When Clustered Data ONTAP first came out, there was a pretty big kerfuffle (love that word) about the architecture of the OS. After all, wasn’t it just a bunch of 7-Mode systems stitched together with duct tape?

Actually, no.

It’s a complete re-write of the ONTAP operating system, for one. The NAS stack from 7-Mode was gutted and became a new architecture built for clustering.

Then, in 8.1, the SAN concepts in 7-Mode were re-done for clustering.

So, while a clustered Data ONTAP cluster is, at the hardware level, a series of HA pairs stitched together with a 10GB network, the operating system has been turned into essentially what I like to call a storage blade center. Your storage systems span clusters of up to 24 physical hardware nodes, effectively obfuscating the hardware and allowing a single management plane for the entire subsystem.

Every node in a cluster is aware of every other node, as well as every other storage object. If a volume lives on node 1, then node 20 knows about it and where it lives via the concept of a replicated database (RDB).

Additionally, the cluster also has a clustered networking stack, where an IP address or WWPN is presented via a logical interface (a LIF). While SAN LIFs have to stay put and leverage host-side pathing for data locality, NAS LIFs have the ability to migrate across any node and any port in the cluster.

However, volumes are still located on physical disks and owned by physical nodes, even though you can move them around via volume move or vol rehost. LIFs are still located on physical ports and nodes, even though you can move them around and load balance connections on them. This raises the question…

What is the deal with remote I/O in ONTAP?
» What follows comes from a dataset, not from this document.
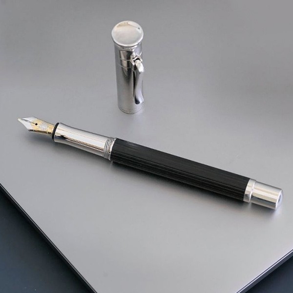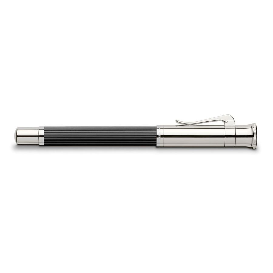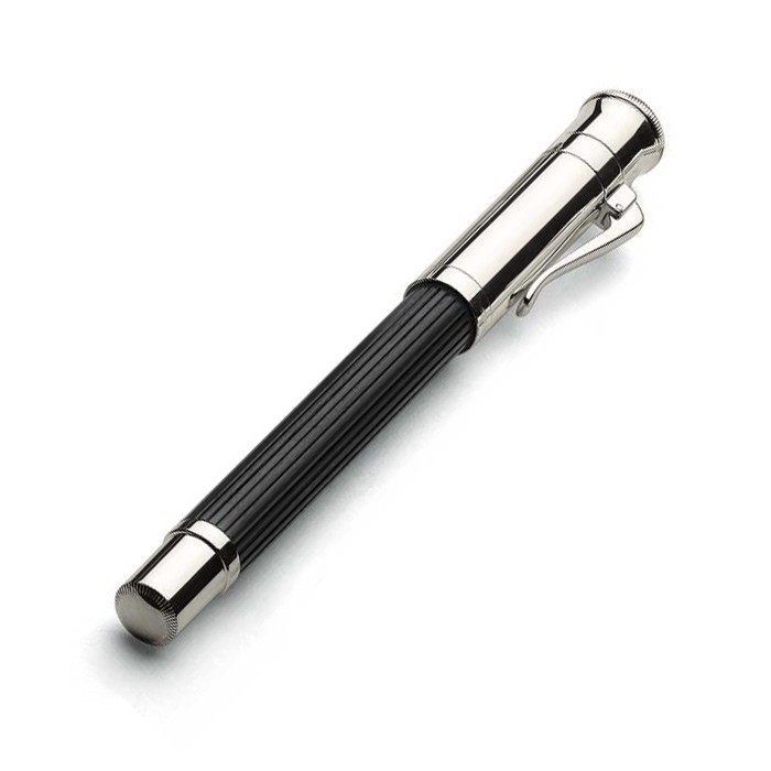 Перьевая ручка "Classic Ebony" немецкой марки "Graf von Faber-Castell" объединяет в себе естественное и теплое обаяние древесины с прохладной элегантной платиновой поверхностью декоративных деталей. Корпус сделан из драгоценной эбеновой древесины, добываемой в тропических лесах Африки и Азии. Эта древесина - чрезвычайно плотная и тонет в воде. Из нее делают дорогую мебель, детали музыкальных инструментов и высококлассные декоративные вещи. На деревянную поверхность ручки нанесены продольные бороздки. Кроме того ручку украшают покрытые платиной передние и торцевые элементы и тонкая гравированная печать "Handmade in Germany" ("Сделано вручную в Германии"). Для заправки предусмотрена возможность использования картриджей или конвертерной системы. Перо сделано из двухцветного золота (18 карат) с кончиком из твердого сплава. Колпачок - завинчивающийся. Тугой зажим на колпачке имеет пружинную систему.

Since you can have multiple nodes in a cluster and a volume can only exist on one node (well, unless you want to check out FlexGroups), and since data LIFs live on single or aggregated ports on a single node, you are bound to run into scenarios where you end up traversing the backend cluster network for data operations unless you want to take on the headache of ensuring every client mounts to a specific IP address to ensure data locality, or you want to leverage one of the data locality features in NAS, such as pNFS or node referrals on initial connection (available for NFSv4.x and CIFS/SMB). I cover some of the NFS-related data locality features in TR-4067, and CIFS autolocation is covered in TR-4191.

In SAN, we have ALUA to manage that locality (or optimized paths), but even adding an extra layer of protection in the form of protocol locality can’t avoid scenarios where interfaces go down or volumes move around after a TCP connection has been established.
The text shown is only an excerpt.